- Exercise -
Extract the text of every entry below exactly; leave images out.

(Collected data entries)
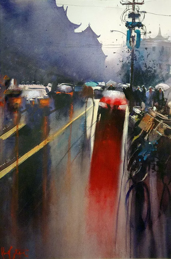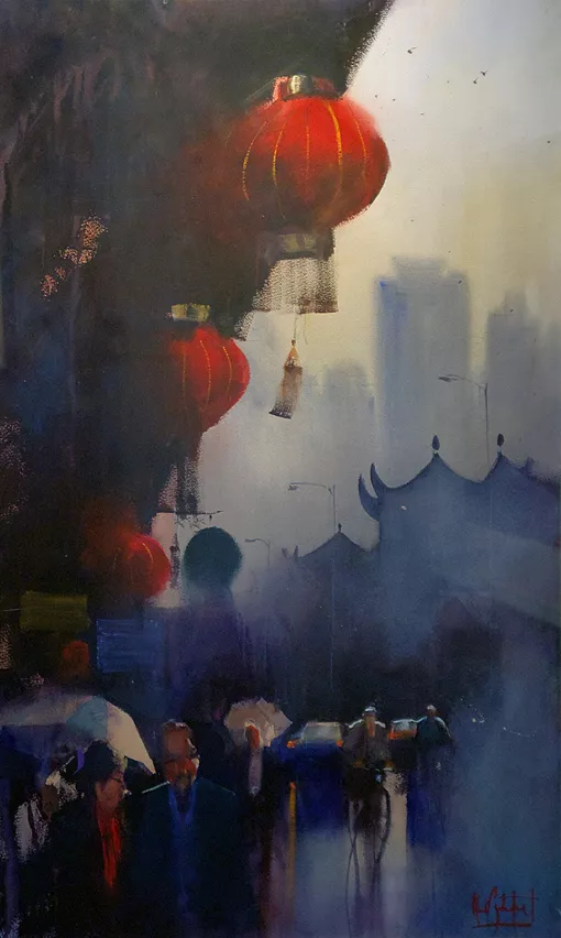 在表现中国题材的作品中,《红旗---上海》、《灯笼》、《风雨无阻》和《朱家角》系列等,几乎每一幅都有红色印迹。在《午后炽艳》的画面中,大部分的建筑都呈现着盛世中国红,庄严富丽,夺目耀眼。在这里红色象征着热情、奔放、欢乐、喜庆和祥和。在《都市系列》中的红色星点,则是生命的跳动,是希望的火焰。它们也恰好体现出了中华民族特有的民族色彩及其传统意蕴。
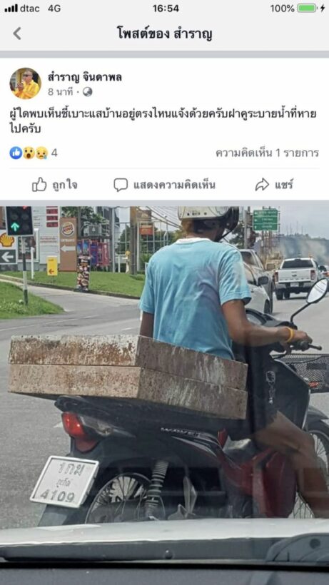 จากกรณีเมื่อเวลา 16.46 น. ของวันที่ 15 พ.ค.62 ได้มีผู้ใช้เฟชบุ๊ค สำราญ จินดาพล โพสต์ ภาพนิ่ง ขณะที่ชายวัยรุ่นขี่รถจักรยานยนต์ได้วางฝาคูระบายที่เบาะหลังรถฯแล้วนำไปขายที่ร้านขายของเก่า พร้อมระบุข้อความว่า ผู้ใดพบเห็นชี้เบาะแสบ้านอยู่ตรงไหนแจ้งด้วยครับฝาคูระบายน้ำที่หายไปครับ หลังจากที่มีการโพสต์แล้ว ได้มี น.ส.จินณพัช อุดมศรี อายุ 37 ปี ที่อยู่ 61/229 ม.1 ต.วิชิต อ.เมืองภูเก็ต ได้ประสานไปยัง นายสำราญ จินดาพล นายกเทศมนตรีเทศบาลตำบลฉลอง ซึ่งเป็นผู้โพสต์ภาพและข้อความดังกล่าว โดยให้ข้อมูลว่า ขณะที่ขับรถไปทำงาน พบเห็นชายไทยอายุ ประมาณ 30-35 ปี ขับรถจักรยานยนต์ ยี่ห้อฮอนด้า รุ่นเวป 110 หมายเลขทะเบียน 1 กฆ 4109 ภูเก็ต กำลังจอดติดไฟแดงอยู่ที่ปากซอยเทพอนุสรณ์ ถ.เจ้าฟ้าตะวันตก ต.วิชิต อ.เมือง จ.ภูเก็ต ซึ่งกำลังบรรทุกฝาตะแกรงเหล็กปิดท่อระบายน้ำ ขนาด 0.50*0.50 เมตร จำนวน 2 อัน จึงได้ใช้โทรศัพท์มือถือของตนถ่ายรูปไว้เป็นหลักฐาน เนื่องจากก่อนหน้านั้นได้มีฝาตะแกรงเหล็กปิดท่อระบายน้ำ ซึ่งเป็นทรัพย์สินของเทศบาลตำบลฉลอง อ.เมืองภูเก็ต จังหวัดภูเก็ต สูญหายบริเวณ ซอยเจ้าฟ้า 77 (ซอยน้าไชย) ม.5 ต.ฉลอง อ.เมือง จ.ภูเก็ต จึงสงสัยว่า บุคคลดังกล่าวนั้นอาจจะเป็นคนที่ลักขโมยไป จึงได้ถ่ายรูปไว้เป็นหลักฐาน ต่อมา นายสำราญ จินดาพล จึงได้ประสานมายังเจ้าหน้าที่ชุดสืบสวนกองกำกับการสืบสวนภูธรจังหวัดภูเก็ต เพื่อทำการตรวจสอบ
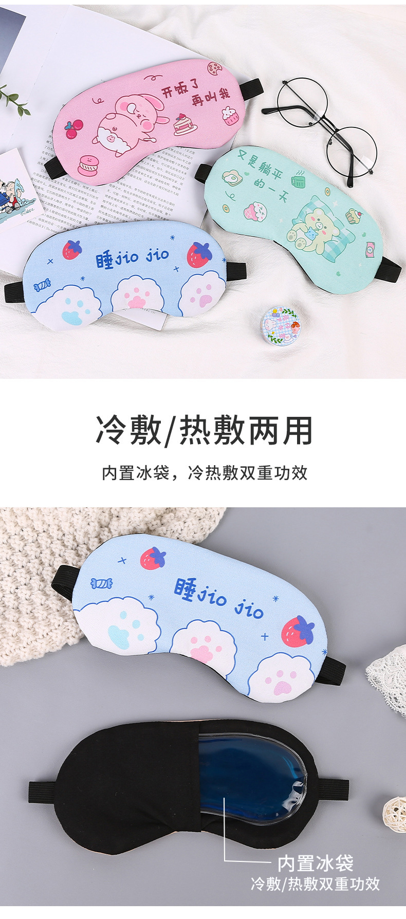 眼罩可爱卡通动漫午休冰袋冰敷热敷睡觉护眼罩睡眠女男遮光透气
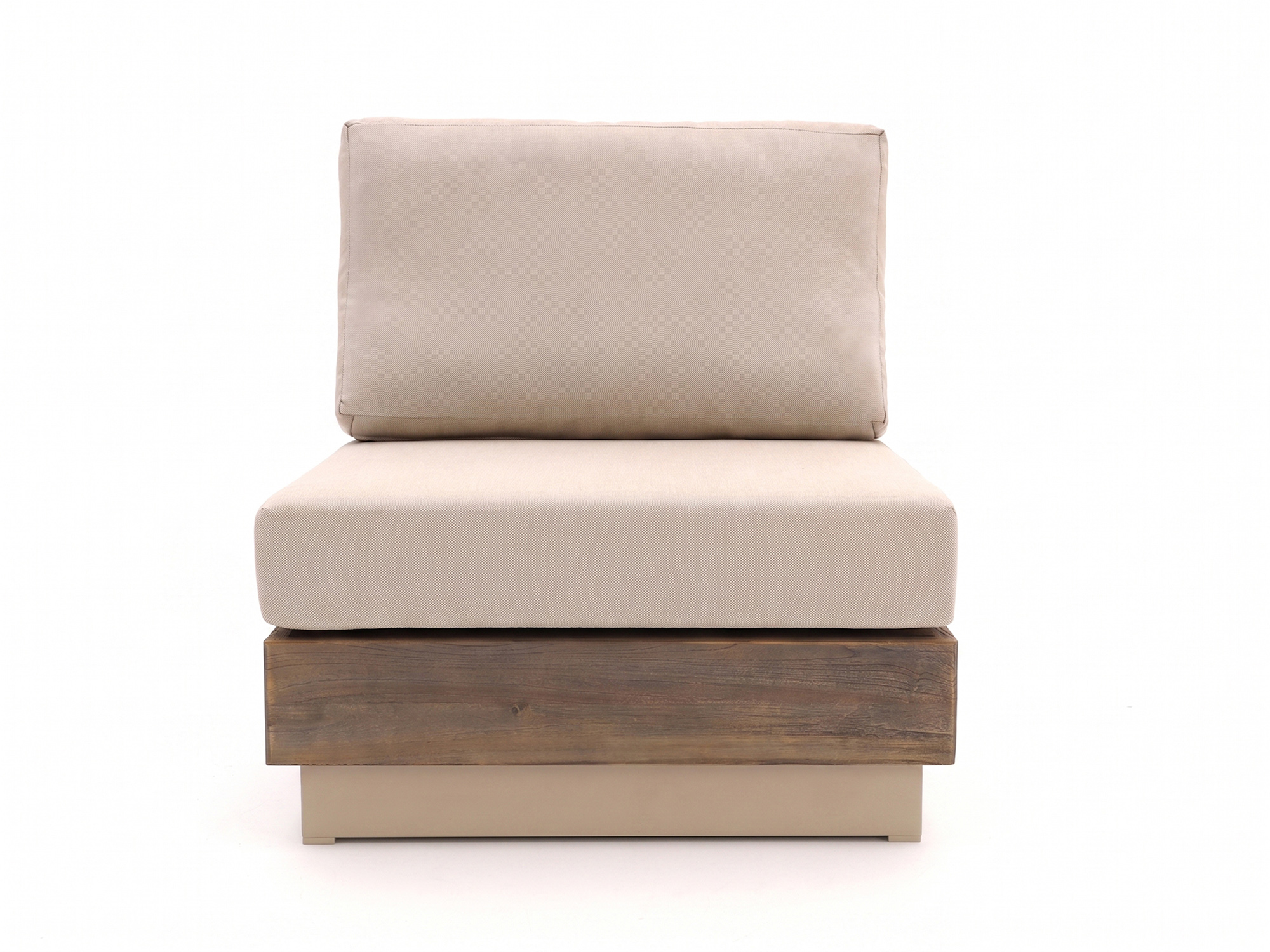 De Bellagio Pilago lounge tussenmodule is een losse loungestoel zonder armleuningen, ideaal als extra zitplek of om je bestaande Pilago loungeset uit te breiden. Het frame is van sterk teakhout, een natuurproduct dat tegen alle weersomstandigheden kan, zodat je deze module met een gerust hart buiten laat staan. De beige kussens met polyester hoes worden meegeleverd, dus je kunt direct zitten zonder eerst op zoek te moeten naar passende kussens. De hoezen zijn afritsbaar, waardoor je ze makkelijk eraf haalt om ze te reinigen na een zomer vol etentjes, borrels en logeerpartijen in de tuin.
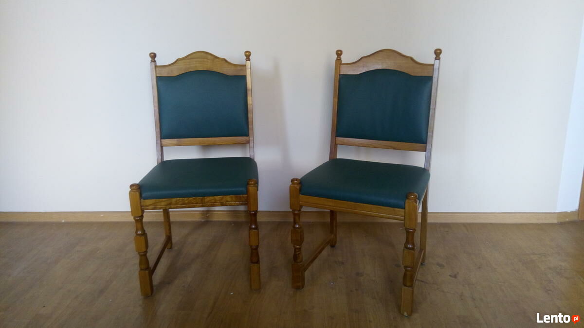Sprzedam bardzo wygodne krzesła. Konstrukcja stan b.dobry. wykonana jest z drewna, oryginalny stan i wygląd.Wymiary 47*43*46 (szer. głeb. wys.) oparcie wysokość 91 cm
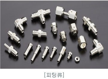 1. 클린 피팅(Clean fitting) : 직경 1인치 미만의 소구경 튜브를 연결할 때 사용하는 부품으로, 금속 환봉을 가공해서 만드는 제품이며 형상과 직경에 따라 구분 Union, Elbow, Tee Connector, Tribow등의 제품이 있으며, Union은 십자가 형상, Elbow는 직각 형상, Tee는 T자 형상, Tribow는 가스를 삼방향으로 보낼 수 있도록 만든 제품 2. 벤드 피팅(Bend Fitting) : 파이프를 연결할 때 사용하는 부품으로 파이프를 구부리거나 뚫고 용접해서 만드는 제품이며 형상과 직경에 따라 구분 Reducer는 큰 직경의 파이프를 작은 직경의 파이프에 연결할 때, Cap은 파이프의 끝을 막을 때 사용하는 제품이며, Elbow, Tee, Reducer, Cap 등의 제품 |
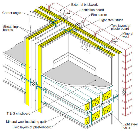 MBS has to provide sufficient fire resistance, which depends on the performance of four aspects of modular constructions, such as fire barriers between two modules to prevent fire and smoke through cavities of modules, double leaf in the wall and ceiling in limiting heat transfer, the floor load capacity, which is influenced by the thermal shielding effect of beneath the ceiling module, and the stability of the wall, which depends on the load applied and the fire protection of the internal surface. Plaster boards consisting of vermiculite or glass fibre are used in-between floors and walls, whereas mineral wool is used in-between C sections to achieve required fire resistance (120 min) [60]. Figure 11 indicates the fire insulation for a light steel framing. However, novel ideas including optimised sections [61], Fibre Reinforced Concrete (FRC) [62] and staggered slotted perforated CFS channels [2] were introduced to enhance the fire protection of modular buildings, and research is ongoing for further improvisation.
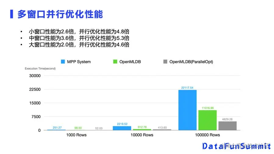 并行优化性能如图所示,这里罗列了三个性能测试场景,和最新的MPP System进行对比,基于窗口并行优化后的OpenMLDB与开源MPP系统性能可以是原来的5.3倍,相比OpenMLDB本身性能也在2倍左右。
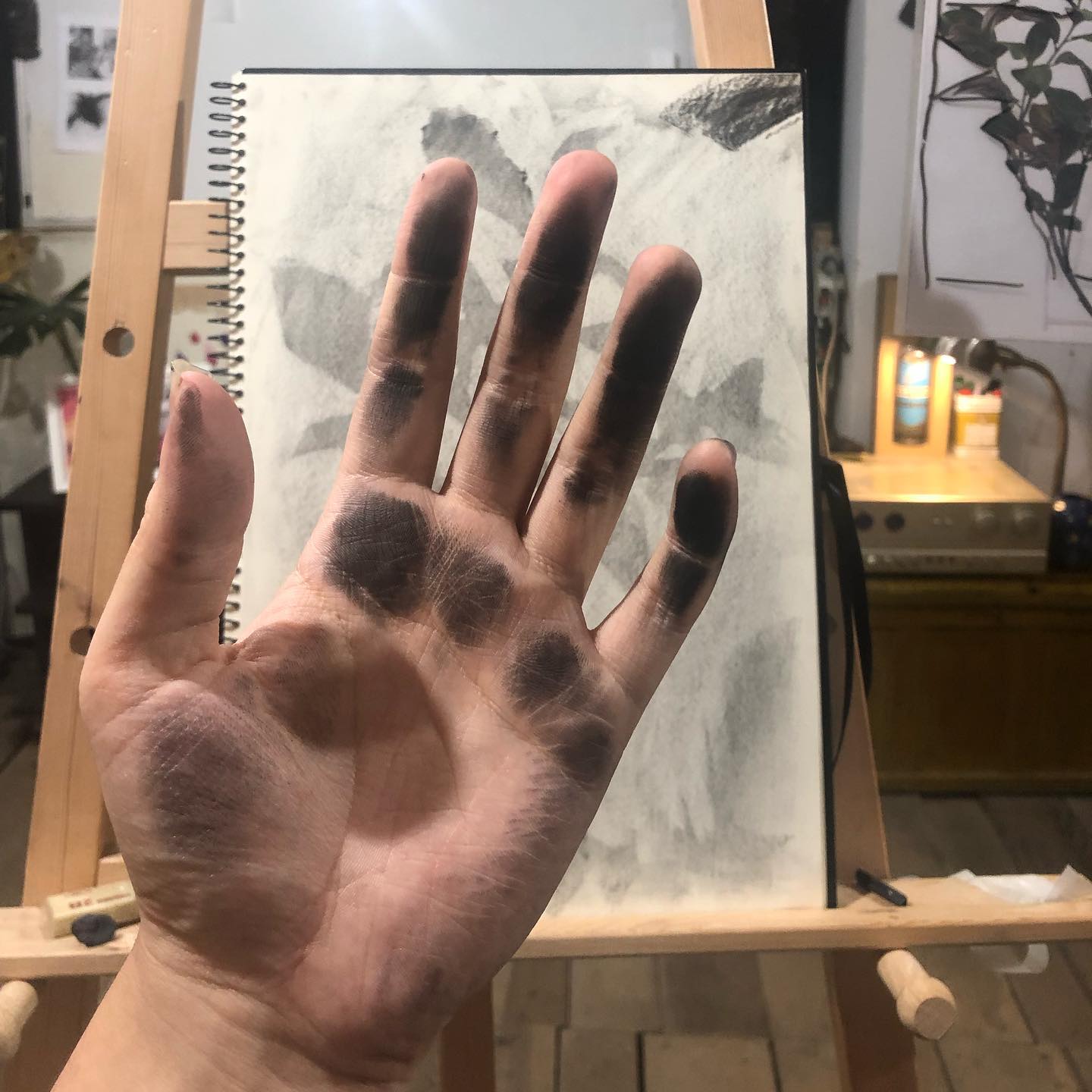 突然覺得哲學對我好重要,身為高敏感的人常常有豐富到溢出來的想法,哲學的思考和書寫可以梳理出一些脈絡。而我發現畫畫更是一件充滿哲學意義的事,雖然是在畫圖,但腦中的想法會持續在運作,冒出不少哲學的思考,真的好有趣啊。看得很細、想得很細的特質,說不定我也蠻適合畫畫的哈哈。 (炭筆把手弄的好黑真的好讚)

- Output for this task -
 在表现中国题材的作品中,《红旗---上海》、《灯笼》、《风雨无阻》和《朱家角》系列等,几乎每一幅都有红色印迹。在《午后炽艳》的画面中,大部分的建筑都呈现着盛世中国红,庄严富丽,夺目耀眼。在这里红色象征着热情、奔放、欢乐、喜庆和祥和。在《都市系列》中的红色星点,则是生命的跳动,是希望的火焰。它们也恰好体现出了中华民族特有的民族色彩及其传统意蕴。
 จากกรณีเมื่อเวลา 16.46 น. ของวันที่ 15 พ.ค.62 ได้มีผู้ใช้เฟชบุ๊ค สำราญ จินดาพล โพสต์ ภาพนิ่ง ขณะที่ชายวัยรุ่นขี่รถจักรยานยนต์ได้วางฝาคูระบายที่เบาะหลังรถฯแล้วนำไปขายที่ร้านขายของเก่า พร้อมระบุข้อความว่า ผู้ใดพบเห็นชี้เบาะแสบ้านอยู่ตรงไหนแจ้งด้วยครับฝาคูระบายน้ำที่หายไปครับ หลังจากที่มีการโพสต์แล้ว ได้มี น.ส.จินณพัช อุดมศรี อายุ 37 ปี ที่อยู่ 61/229 ม.1 ต.วิชิต อ.เมืองภูเก็ต ได้ประสานไปยัง นายสำราญ จินดาพล นายกเทศมนตรีเทศบาลตำบลฉลอง ซึ่งเป็นผู้โพสต์ภาพและข้อความดังกล่าว โดยให้ข้อมูลว่า ขณะที่ขับรถไปทำงาน พบเห็นชายไทยอายุ ประมาณ 30-35 ปี ขับรถจักรยานยนต์ ยี่ห้อฮอนด้า รุ่นเวป 110 หมายเลขทะเบียน 1 กฆ 4109 ภูเก็ต กำลังจอดติดไฟแดงอยู่ที่ปากซอยเทพอนุสรณ์ ถ.เจ้าฟ้าตะวันตก ต.วิชิต อ.เมือง จ.ภูเก็ต ซึ่งกำลังบรรทุกฝาตะแกรงเหล็กปิดท่อระบายน้ำ ขนาด 0.50*0.50 เมตร จำนวน 2 อัน จึงได้ใช้โทรศัพท์มือถือของตนถ่ายรูปไว้เป็นหลักฐาน เนื่องจากก่อนหน้านั้นได้มีฝาตะแกรงเหล็กปิดท่อระบายน้ำ ซึ่งเป็นทรัพย์สินของเทศบาลตำบลฉลอง อ.เมืองภูเก็ต จังหวัดภูเก็ต สูญหายบริเวณ ซอยเจ้าฟ้า 77 (ซอยน้าไชย) ม.5 ต.ฉลอง อ.เมือง จ.ภูเก็ต จึงสงสัยว่า บุคคลดังกล่าวนั้นอาจจะเป็นคนที่ลักขโมยไป จึงได้ถ่ายรูปไว้เป็นหลักฐาน ต่อมา นายสำราญ จินดาพล จึงได้ประสานมายังเจ้าหน้าที่ชุดสืบสวนกองกำกับการสืบสวนภูธรจังหวัดภูเก็ต เพื่อทำการตรวจสอบ
 眼罩可爱卡通动漫午休冰袋冰敷热敷睡觉护眼罩睡眠女男遮光透气
 De Bellagio Pilago lounge tussenmodule is een losse loungestoel zonder armleuningen, ideaal als extra zitplek of om je bestaande Pilago loungeset uit te breiden. Het frame is van sterk teakhout, een natuurproduct dat tegen alle weersomstandigheden kan, zodat je deze module met een gerust hart buiten laat staan. De beige kussens met polyester hoes worden meegeleverd, dus je kunt direct zitten zonder eerst op zoek te moeten naar passende kussens. De hoezen zijn afritsbaar, waardoor je ze makkelijk eraf haalt om ze te reinigen na een zomer vol etentjes, borrels en logeerpartijen in de tuin.
Sprzedam bardzo wygodne krzesła. Konstrukcja stan b.dobry. wykonana jest z drewna, oryginalny stan i wygląd.Wymiary 47*43*46 (szer. głeb. wys.) oparcie wysokość 91 cm
 1. 클린 피팅(Clean fitting) : 직경 1인치 미만의 소구경 튜브를 연결할 때 사용하는 부품으로, 금속 환봉을 가공해서 만드는 제품이며 형상과 직경에 따라 구분 Union, Elbow, Tee Connector, Tribow등의 제품이 있으며, Union은 십자가 형상, Elbow는 직각 형상, Tee는 T자 형상, Tribow는 가스를 삼방향으로 보낼 수 있도록 만든 제품 2. 벤드 피팅(Bend Fitting) : 파이프를 연결할 때 사용하는 부품으로 파이프를 구부리거나 뚫고 용접해서 만드는 제품이며 형상과 직경에 따라 구분 Reducer는 큰 직경의 파이프를 작은 직경의 파이프에 연결할 때, Cap은 파이프의 끝을 막을 때 사용하는 제품이며, Elbow, Tee, Reducer, Cap 등의 제품 |
 MBS has to provide sufficient fire resistance, which depends on the performance of four aspects of modular constructions, such as fire barriers between two modules to prevent fire and smoke through cavities of modules, double leaf in the wall and ceiling in limiting heat transfer, the floor load capacity, which is influenced by the thermal shielding effect of beneath the ceiling module, and the stability of the wall, which depends on the load applied and the fire protection of the internal surface. Plaster boards consisting of vermiculite or glass fibre are used in-between floors and walls, whereas mineral wool is used in-between C sections to achieve required fire resistance (120 min) [60]. Figure 11 indicates the fire insulation for a light steel framing. However, novel ideas including optimised sections [61], Fibre Reinforced Concrete (FRC) [62] and staggered slotted perforated CFS channels [2] were introduced to enhance the fire protection of modular buildings, and research is ongoing for further improvisation.
 并行优化性能如图所示,这里罗列了三个性能测试场景,和最新的MPP System进行对比,基于窗口并行优化后的OpenMLDB与开源MPP系统性能可以是原来的5.3倍,相比OpenMLDB本身性能也在2倍左右。
 突然覺得哲學對我好重要,身為高敏感的人常常有豐富到溢出來的想法,哲學的思考和書寫可以梳理出一些脈絡。而我發現畫畫更是一件充滿哲學意義的事,雖然是在畫圖,但腦中的想法會持續在運作,冒出不少哲學的思考,真的好有趣啊。看得很細、想得很細的特質,說不定我也蠻適合畫畫的哈哈。 (炭筆把手弄的好黑真的好讚)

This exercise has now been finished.